#### Given material

__________________________________________________

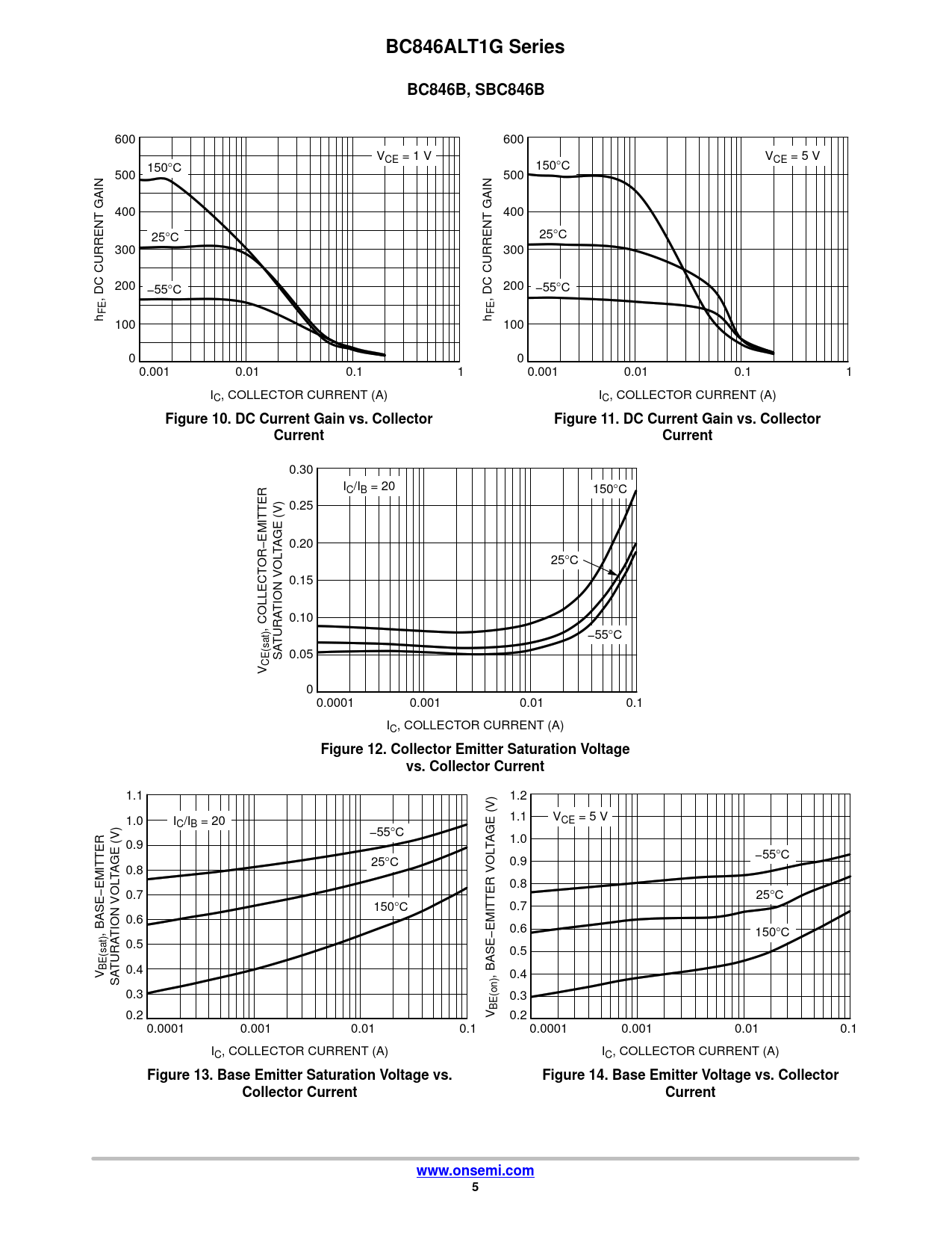 BC846ALT1G Series. BC846B, SBC846B. Figure 10. DC Current Gain vs. Collector. Figure 11. DC Current Gain vs. Collector. Current
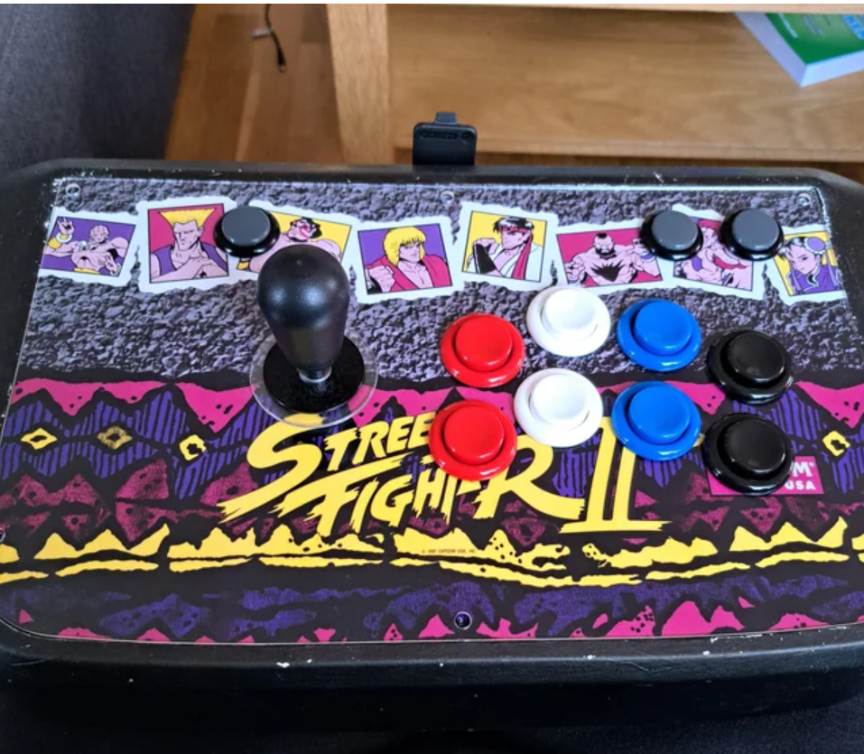 스트리트 파이터는 6버튼 게임이므로 손과 발의 양/중/강의 세개씩 버튼이 있습니다.
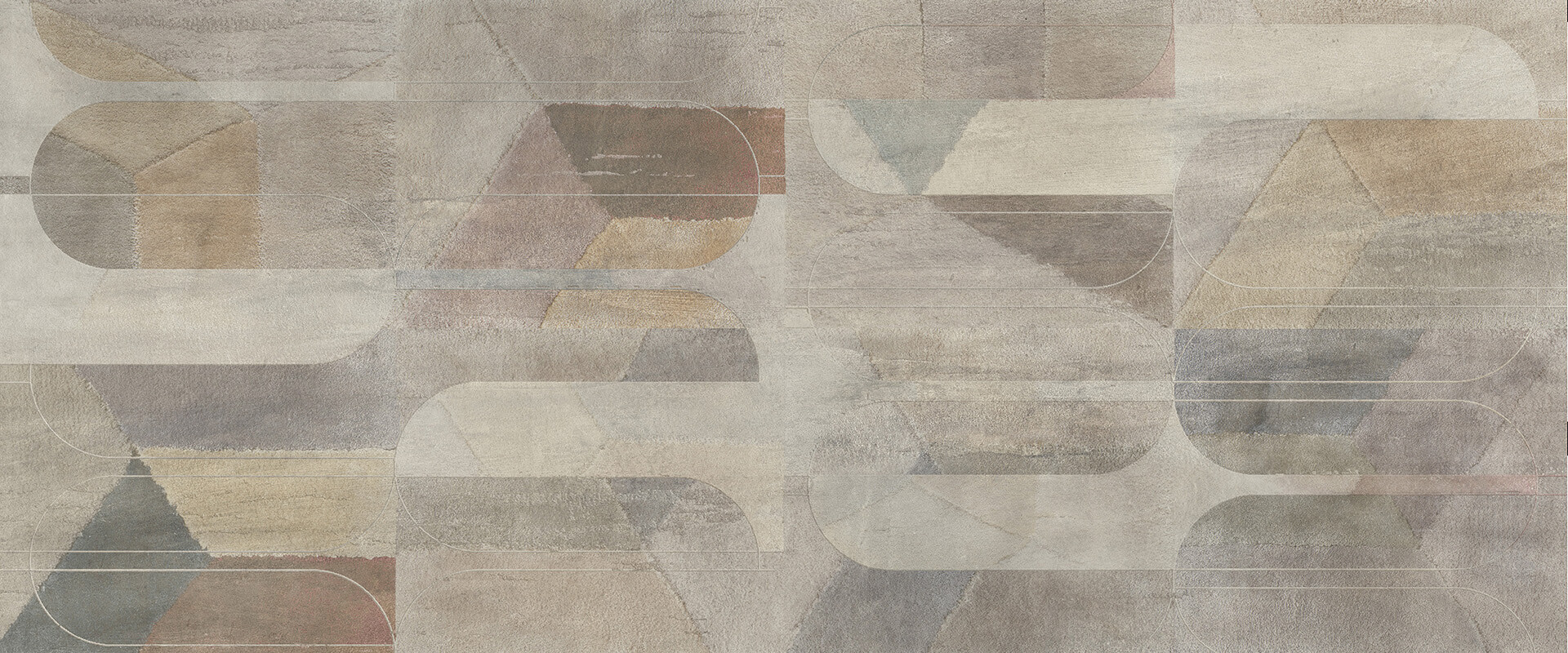 以抽象幾何與質感層疊,構築出一面充滿秩序與詩意的立面。柔和的灰、米、卡其與淡藍色塊錯落交織,彷彿是空間中不同材質、光影與時間的沉積。

__________________________________________________

#### The task
Give back the material above exactly as written, but omit the images.

#### Finished exercise
 BC846ALT1G Series. BC846B, SBC846B. Figure 10. DC Current Gain vs. Collector. Figure 11. DC Current Gain vs. Collector. Current
 스트리트 파이터는 6버튼 게임이므로 손과 발의 양/중/강의 세개씩 버튼이 있습니다.
 以抽象幾何與質感層疊,構築出一面充滿秩序與詩意的立面。柔和的灰、米、卡其與淡藍色塊錯落交織,彷彿是空間中不同材質、光影與時間的沉積。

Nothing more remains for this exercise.